There is no correlation between CCN and bug counts for code that has a CCN of 1-25! For software engineering wonks, and process improvement gurus this must come as a bit of a shock. So I ask the readers, is the measurement of CCN a sacred cow that should be slaughtered with the rest of those asinine bovine as we move to a more agile and lean software development process? Or is it still a useful tool that should be kept, just interpret the results pragmatically?

4 comments:

Sylvain St-Germain said...

Interesting but... I still believe we should value simple code even though the research does not prove it reduces bug count...

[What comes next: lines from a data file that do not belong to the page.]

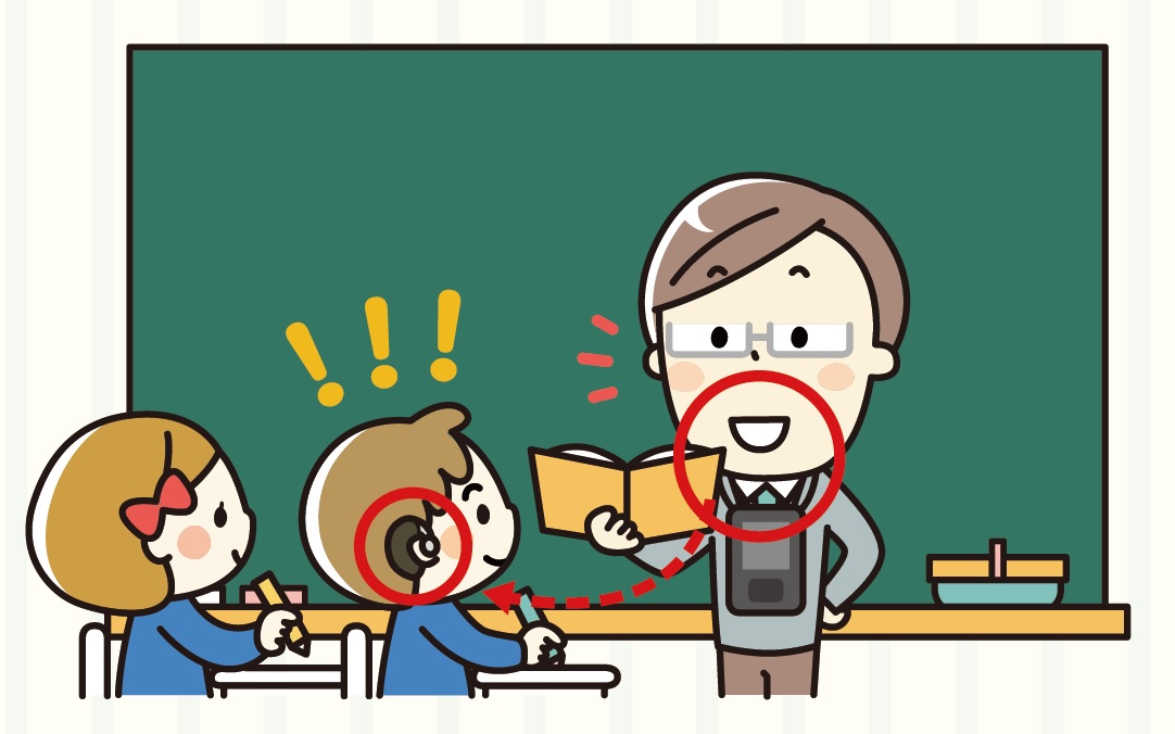 「先生との距離が遠い」「教室が騒がしい」「グループでの話」などでは、補聴器や人工内耳を装用していても、ことばの聞き取りが難しくなってしまいます。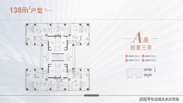 天宸138㎡户型,四梯四户,专梯入户,整个框架可以灵活打造,大面积没有承重墙和承重柱,可以随心设计自己的家。电梯厅加厨房,外部连廊加半个阳台算赠送面积,所以空间利用还算挺高。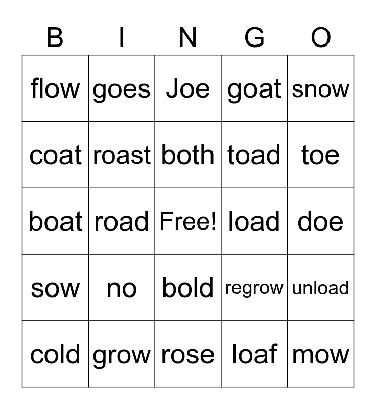 This bingo card has a free space and 24 words: no, grow, both, cold, snow, flow, coat, goes, load, bold, toad, boat, regrow, unload, roast, loaf, doe, Joe, toe, road, mow, sow, goat and rose.

Complex code will bite you later once your original team is gone and that the support team is holding the fort...

Anonymous said...

I'm not shocked by this news, though I'm excited there was a study to prove it. I tend to agree with Sylvain as well - there may not be a correlation with the number of bugs when you deploy, but the time to fix those bugs that do come up is probably longer as you spend more time trying to make sense of complex code. Maybe they need a follow-up study on this :)

Jason Mawdsley said...

Perhaps on a one to one basis, the bugs will take some more time to fix. But is it more then the time it takes to keep refactoring the code to hit some arbitrary CCN?

Sure simple code should be preferred, but do you invest upfront to refactor code and make it simpler, or simply let it be? After all, there may never be a bug in that particular section of code.

Sylvain St-Germain said...

I would not refactor code only on the basis of simplifying it. Hopefully this is caught at code review time.

When it is not broken...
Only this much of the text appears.